Statistical Machine Learning
Preface
Machine learning has been a hot topic in recent years. Due to its wide application, many people believe that it can do anything. This is a naive viewpoint. I myself have also been passively involved in some industry tasks that have nothing to do with machine learning.
In specific application scenarios, machine learning can solve problems that traditional mathematical methods cannot. I won't go into detail about which scenarios are suitable for machine learning and which scenarios are not, but if you are interested, we can discuss it.

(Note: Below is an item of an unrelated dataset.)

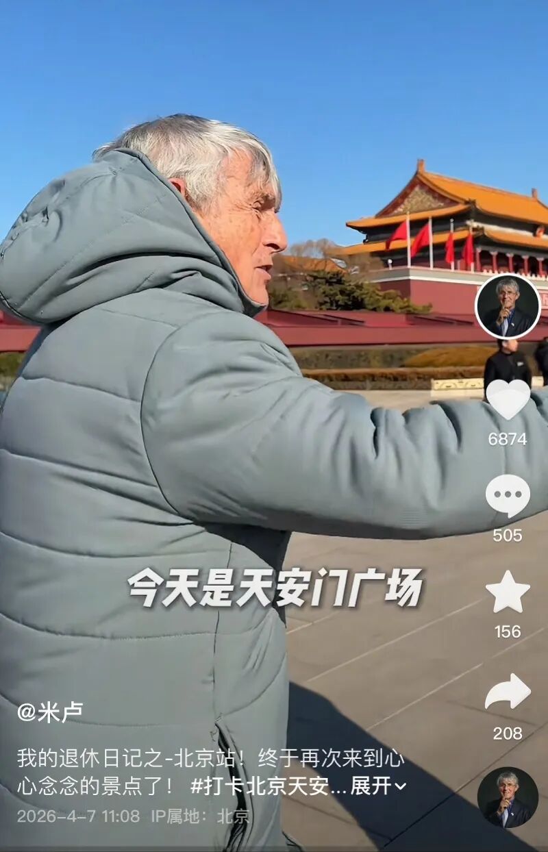 南都记者留意到,4月7日11时许,米卢的社交账号也更新了动态,配文为“我的退休日记之北京站”,视频中,米卢前往北京多个著名景点打卡。3月30日他还曾发布视频分享在北京的观光活动。

Actually, understanding the principles behind various algorithms and the development of classical mathematical disciplines will naturally lead to our own conclusions.
In fact, the algorithms of machine learning and many classical algorithms are similar and have a certain history, not just suddenly appeared recently. Around 2005, I myself began to pay attention to some interesting algorithms. However, I rarely spend time on mature commercial and open-source libraries. Because I am not a machine learning or statistical professional, at best I am just an enthusiast. Learning mature libraries is not meaningful to me, and understanding the principles seems to be more attractive to me.

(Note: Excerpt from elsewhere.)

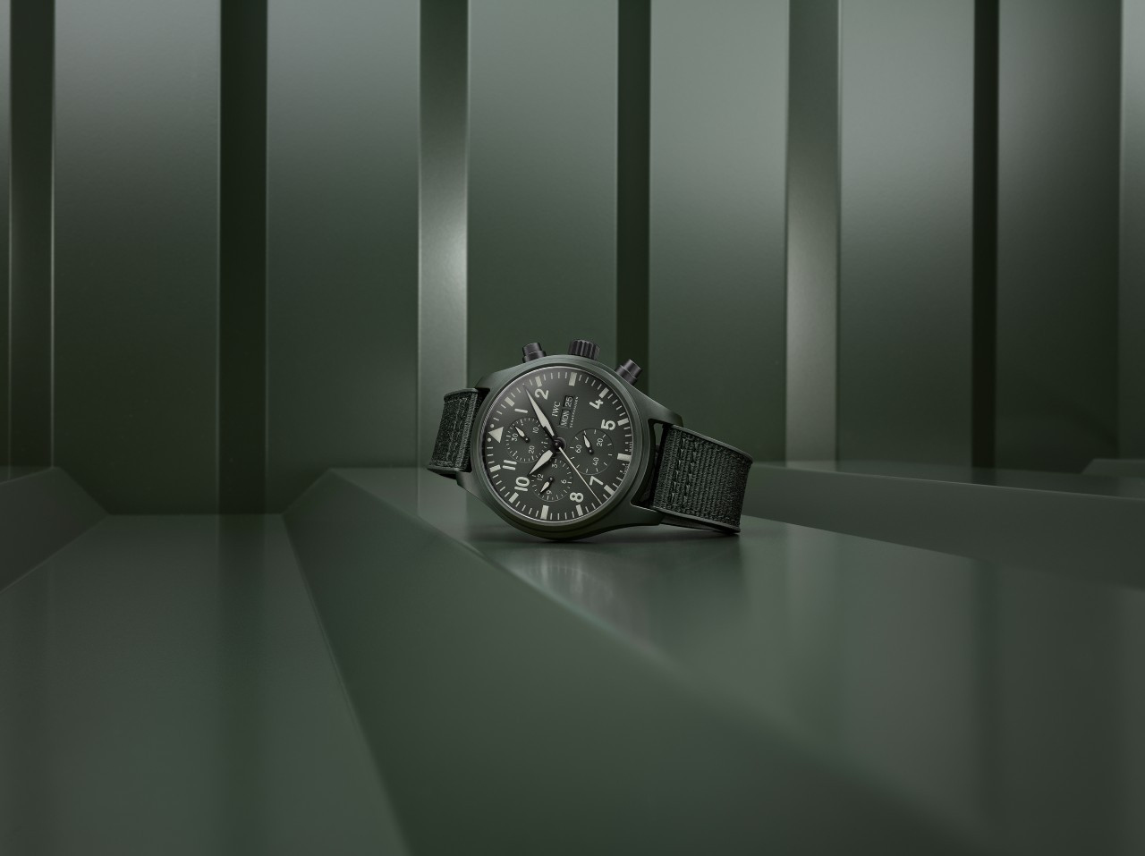 ‘레이크 타호’ 에디션과 함께 공개된 ‘우드랜드’ 에디션은 해군 파일럿의 비행복을 그리고 삼림 지대를 연상시키는 올리브 그린 컬러 세라믹으로 제작되었다. 다이얼은 케이스와 동일하게 그린 컬러가 매치되었고, 가시성을 높이기 위해 인덱스와 핸즈에는 한 단계 밝은 그린 컬러로 입힌 뒤 슈퍼 루미노바로 코팅 처리했다. 크라운과 크로노그래프 푸셔 그리고 백 케이스는 IWC가 직접 개발한 매트한 블랙 세라타늄 소재로 제작되었다. 이 시계에 사용된 세라타늄은 티타늄과 세라믹을 결합한 합성 소재로 가벼운 중량과 뛰어난 견고함은 물론, 스크래치 방지 효과까지 아우르는 점이 특징이다. 우드랜드 에디션은 텍스타일 패턴이 새겨진 그린 컬러의 러버 스트랩과 함께 만나볼 수 있다.

Only by understanding the principles can we distinguish ourselves from engineers who only know how to "tune parameters".
I have written several supervised learning algorithms before, but these algorithms only target specific examples. I have never had the courage to write a universal algorithm. Actually, writing a nearly universal algorithm is not difficult mathematically, but software development involves many skills and generality, which is a good way to kill brain cells.
There are also some algorithms that I know the method, but writing universal software is very complex, so I don't bother to write it. Mainly because there is no project task drive, I simply don't have the energy to write it. Thinking of the authors of many mature machine learning libraries, they not only need advanced programming skills, but also need to work hard and be familiar with statistical and mathematical knowledge.
Here, the main implementation is classical machine learning methods, and some emerging fashionable algorithms have not yet been written. Due to time constraints, updates may be slow.